WHAT YOU HAVE TO DO:
The task calls for the lines below from the line with "Pantalone Maglia Wide Leg Tortora - Haveone" to the line with "接口边框采用45°斜切亮边设", both ends included, copied exactly, without any pictures.

------ DATA LISTING

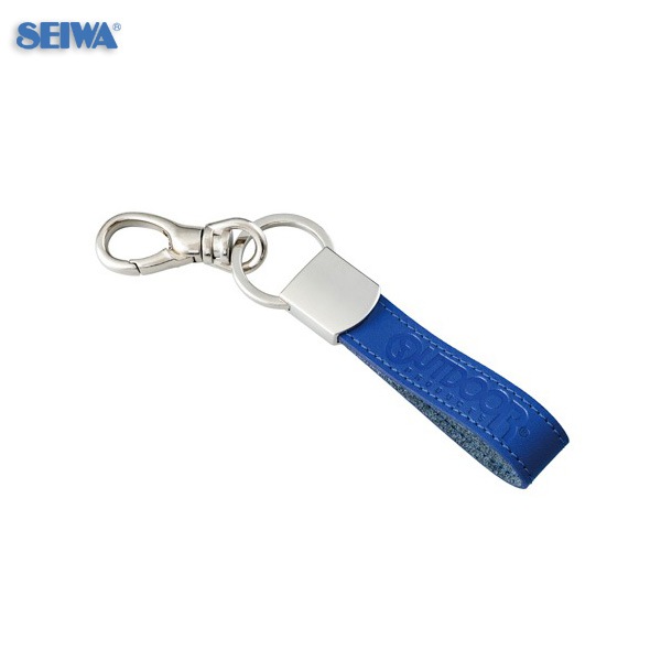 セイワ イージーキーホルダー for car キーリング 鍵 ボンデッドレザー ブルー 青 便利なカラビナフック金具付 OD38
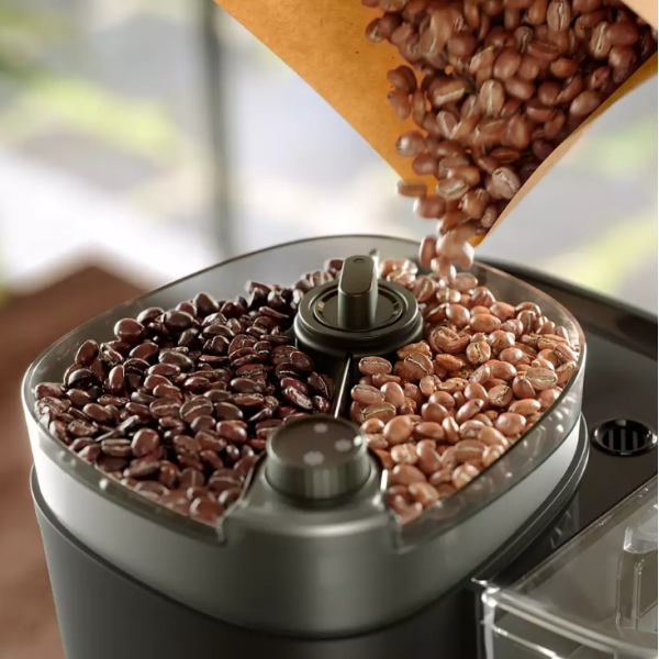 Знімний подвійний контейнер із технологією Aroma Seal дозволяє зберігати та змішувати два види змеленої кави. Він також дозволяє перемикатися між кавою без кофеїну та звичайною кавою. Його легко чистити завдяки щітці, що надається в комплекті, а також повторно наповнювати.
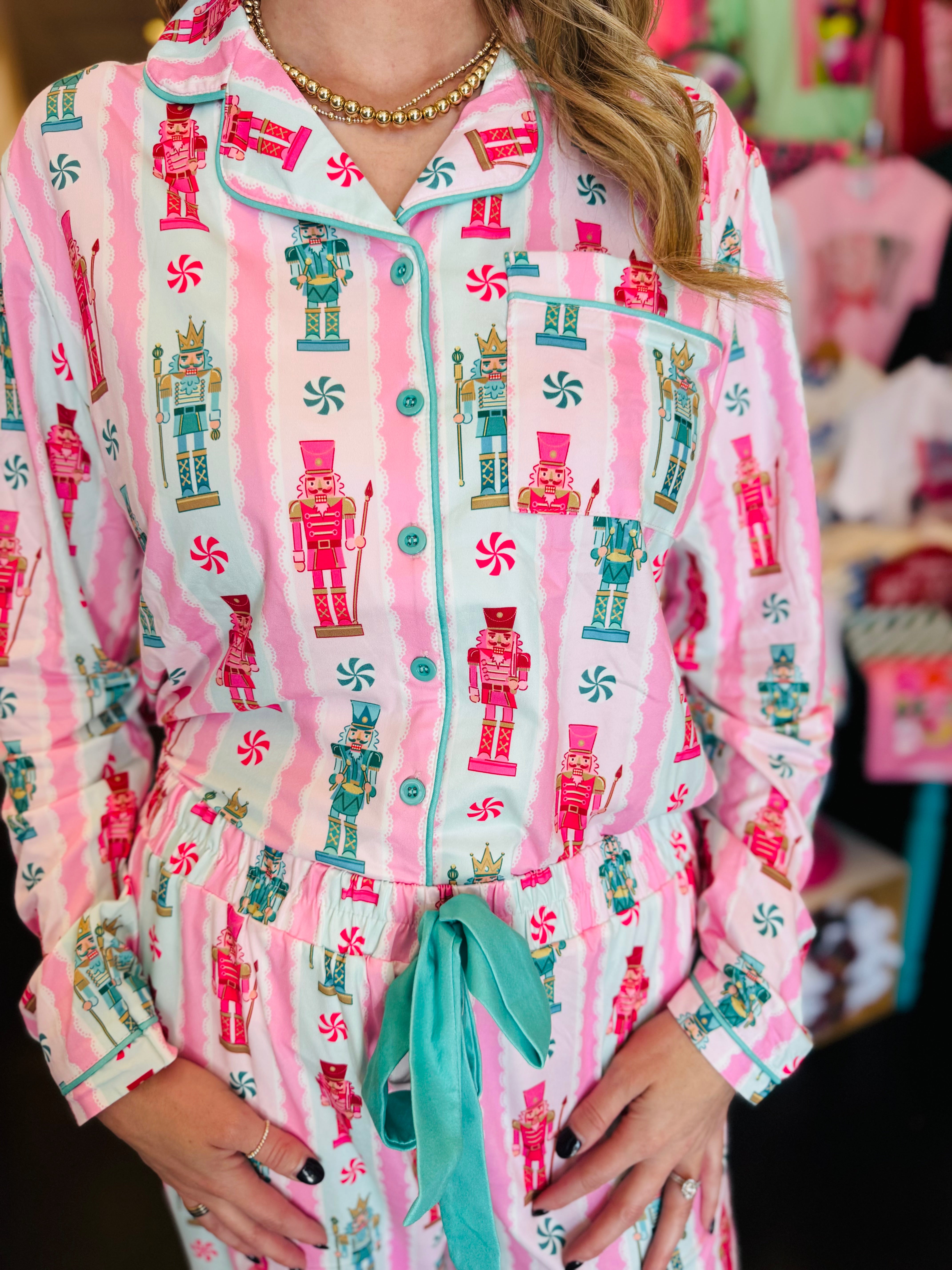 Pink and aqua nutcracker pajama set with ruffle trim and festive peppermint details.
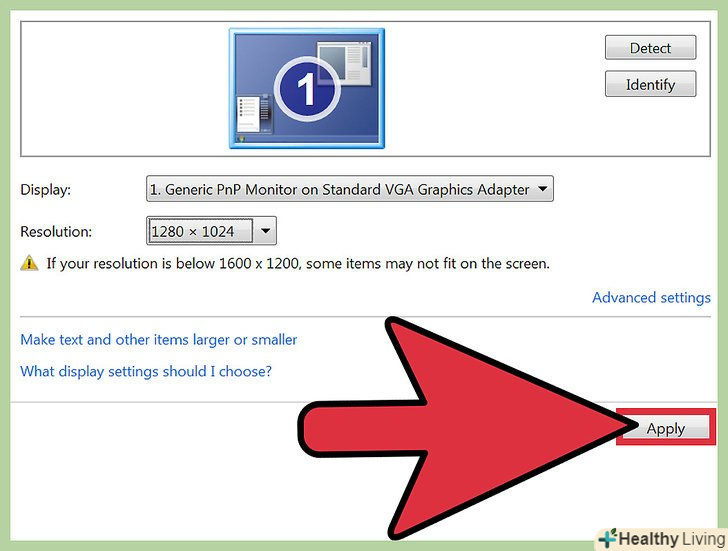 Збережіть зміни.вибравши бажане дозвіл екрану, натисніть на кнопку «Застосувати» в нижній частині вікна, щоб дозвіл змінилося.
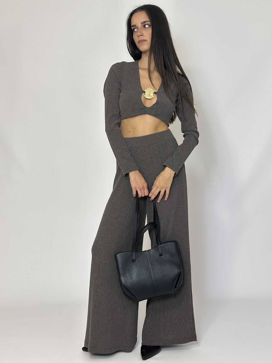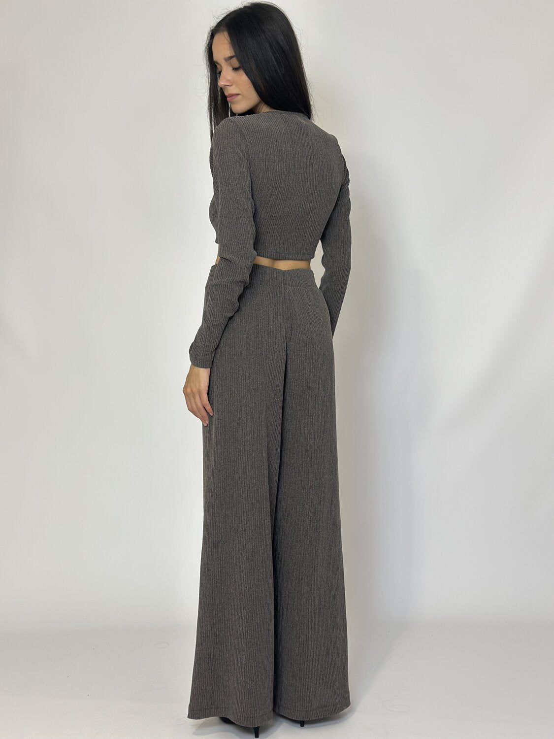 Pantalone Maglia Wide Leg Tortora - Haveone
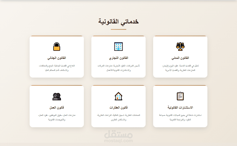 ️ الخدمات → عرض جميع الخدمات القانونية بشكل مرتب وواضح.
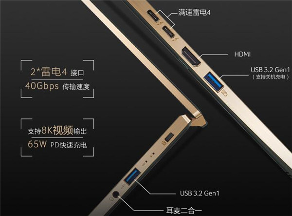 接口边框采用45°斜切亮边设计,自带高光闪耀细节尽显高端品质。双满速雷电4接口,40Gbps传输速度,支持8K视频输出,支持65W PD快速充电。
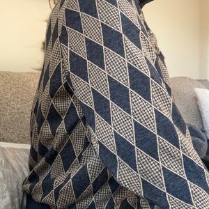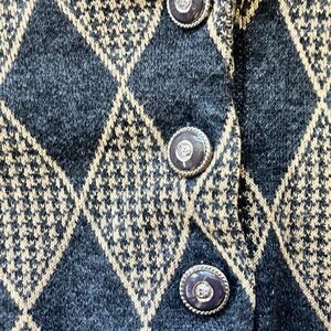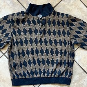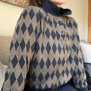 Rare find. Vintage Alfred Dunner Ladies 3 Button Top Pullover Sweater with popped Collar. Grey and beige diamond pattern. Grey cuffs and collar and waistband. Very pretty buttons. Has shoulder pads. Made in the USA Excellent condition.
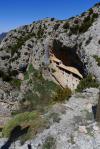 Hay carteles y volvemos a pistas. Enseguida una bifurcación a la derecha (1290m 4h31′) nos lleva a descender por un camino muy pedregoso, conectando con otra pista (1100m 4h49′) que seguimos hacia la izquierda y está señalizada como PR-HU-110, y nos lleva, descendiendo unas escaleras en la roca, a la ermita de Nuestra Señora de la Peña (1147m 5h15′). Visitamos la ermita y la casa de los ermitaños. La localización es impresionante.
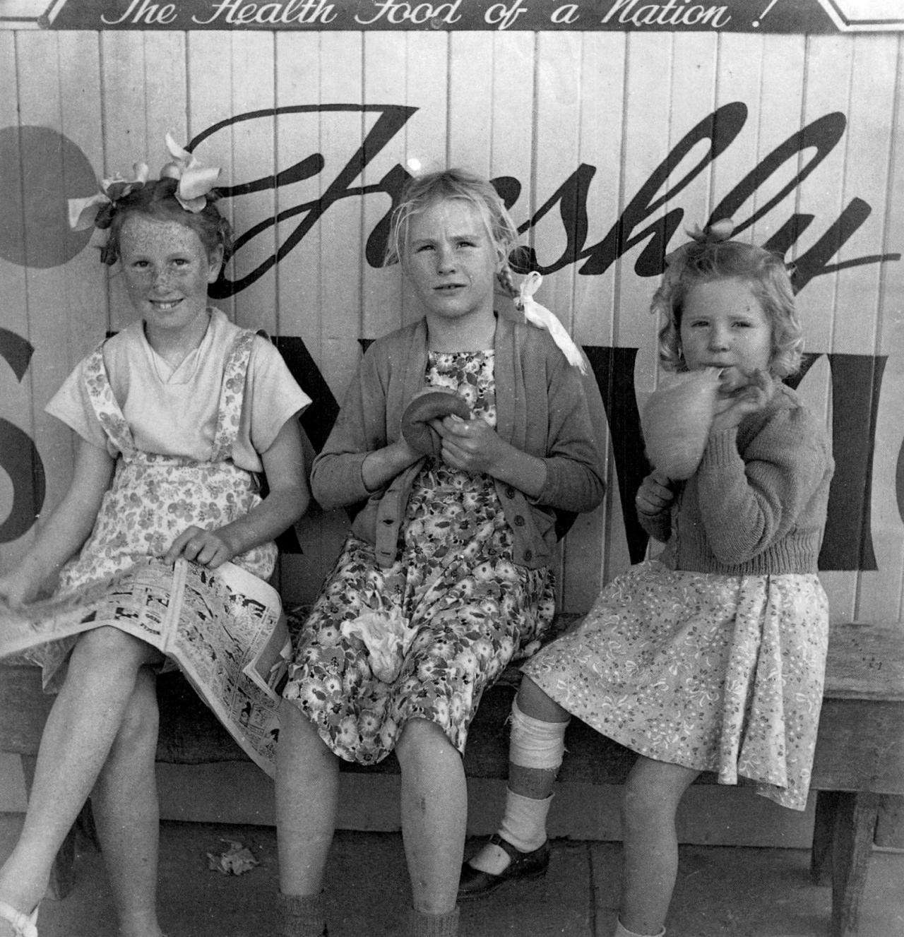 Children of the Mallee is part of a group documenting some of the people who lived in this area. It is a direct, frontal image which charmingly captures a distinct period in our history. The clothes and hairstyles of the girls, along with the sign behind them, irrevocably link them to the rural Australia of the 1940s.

------------

SOLVED EXERCISE:
 Pantalone Maglia Wide Leg Tortora - Haveone
 ️ الخدمات → عرض جميع الخدمات القانونية بشكل مرتب وواضح.
 接口边框采用45°斜切亮边设计,自带高光闪耀细节尽显高端品质。双满速雷电4接口,40Gbps传输速度,支持8K视频输出,支持65W PD快速充电。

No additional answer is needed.